> [The problem]: Your answer should hold exactly the lines below from the line with "干濕分離的衛生間,馬桶和玻璃" through the line with "Chaleco de cuero", both included, and no pictures at all.

─── Dataset entries ───

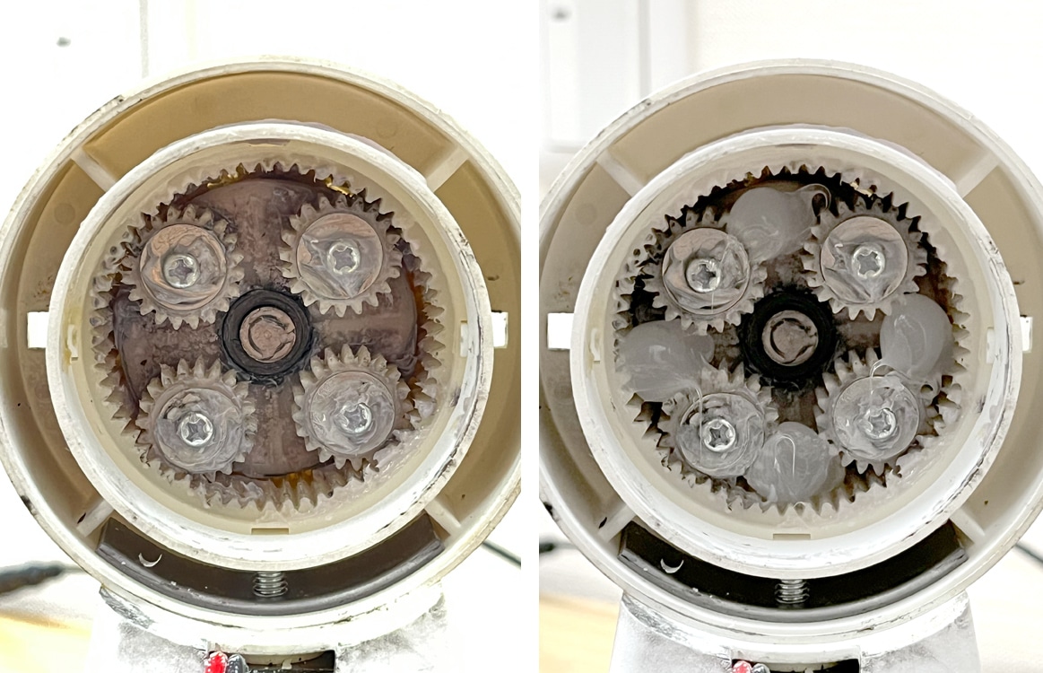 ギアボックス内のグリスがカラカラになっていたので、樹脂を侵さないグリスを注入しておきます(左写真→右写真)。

───
─── Dataset entries ───

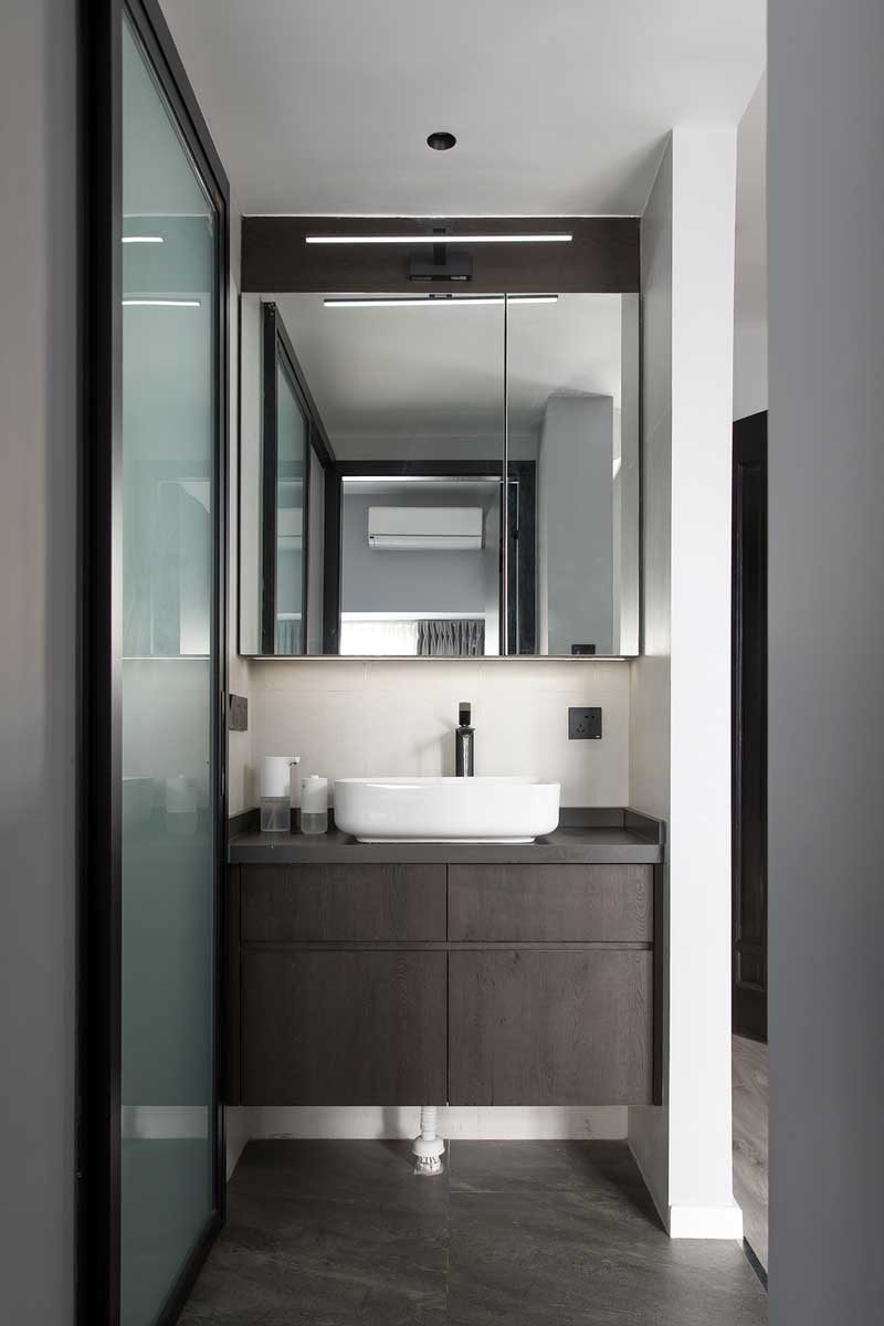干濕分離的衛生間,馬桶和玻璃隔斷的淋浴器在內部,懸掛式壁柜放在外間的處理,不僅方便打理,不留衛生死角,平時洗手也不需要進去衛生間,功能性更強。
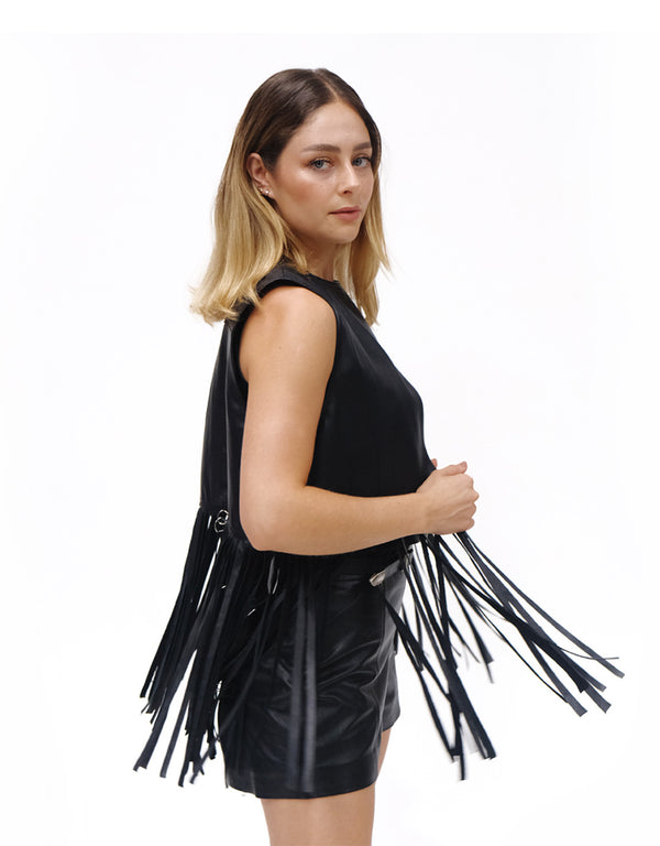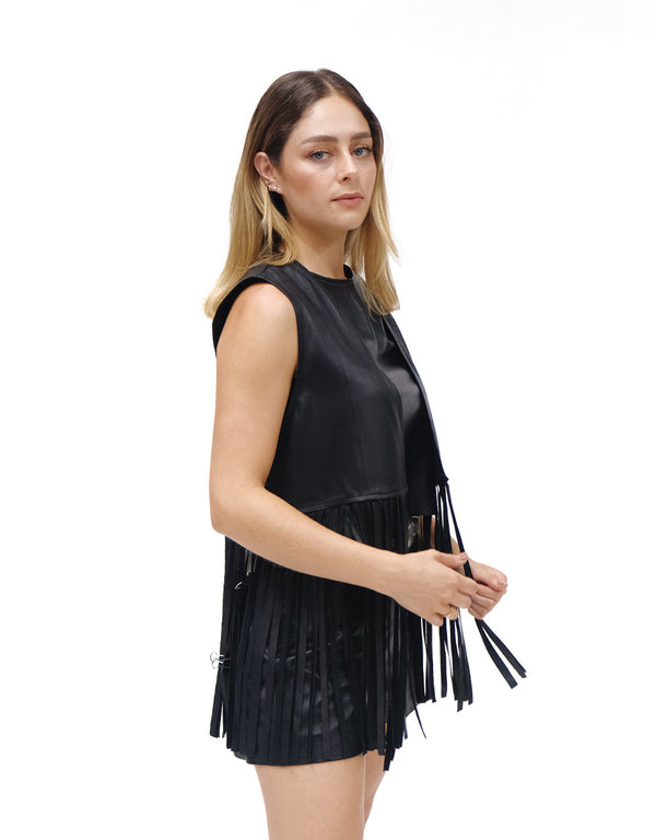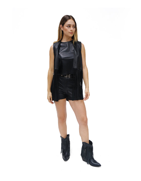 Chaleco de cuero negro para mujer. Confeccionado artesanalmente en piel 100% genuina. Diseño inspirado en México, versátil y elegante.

───
─── Dataset entries ───

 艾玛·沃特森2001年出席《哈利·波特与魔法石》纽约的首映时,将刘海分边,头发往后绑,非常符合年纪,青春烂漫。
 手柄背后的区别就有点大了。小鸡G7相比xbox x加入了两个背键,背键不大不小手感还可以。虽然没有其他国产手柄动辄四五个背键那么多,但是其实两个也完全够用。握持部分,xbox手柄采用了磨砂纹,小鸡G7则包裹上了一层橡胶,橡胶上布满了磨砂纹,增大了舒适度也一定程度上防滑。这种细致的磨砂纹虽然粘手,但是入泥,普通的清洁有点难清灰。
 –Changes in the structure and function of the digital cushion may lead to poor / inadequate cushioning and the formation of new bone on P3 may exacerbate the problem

───

> [Result of this task]:
干濕分離的衛生間,馬桶和玻璃隔斷的淋浴器在內部,懸掛式壁柜放在外間的處理,不僅方便打理,不留衛生死角,平時洗手也不需要進去衛生間,功能性更強。
 Chaleco de cuero negro para mujer. Confeccionado artesanalmente en piel 100% genuina. Diseño inspirado en México, versátil y elegante.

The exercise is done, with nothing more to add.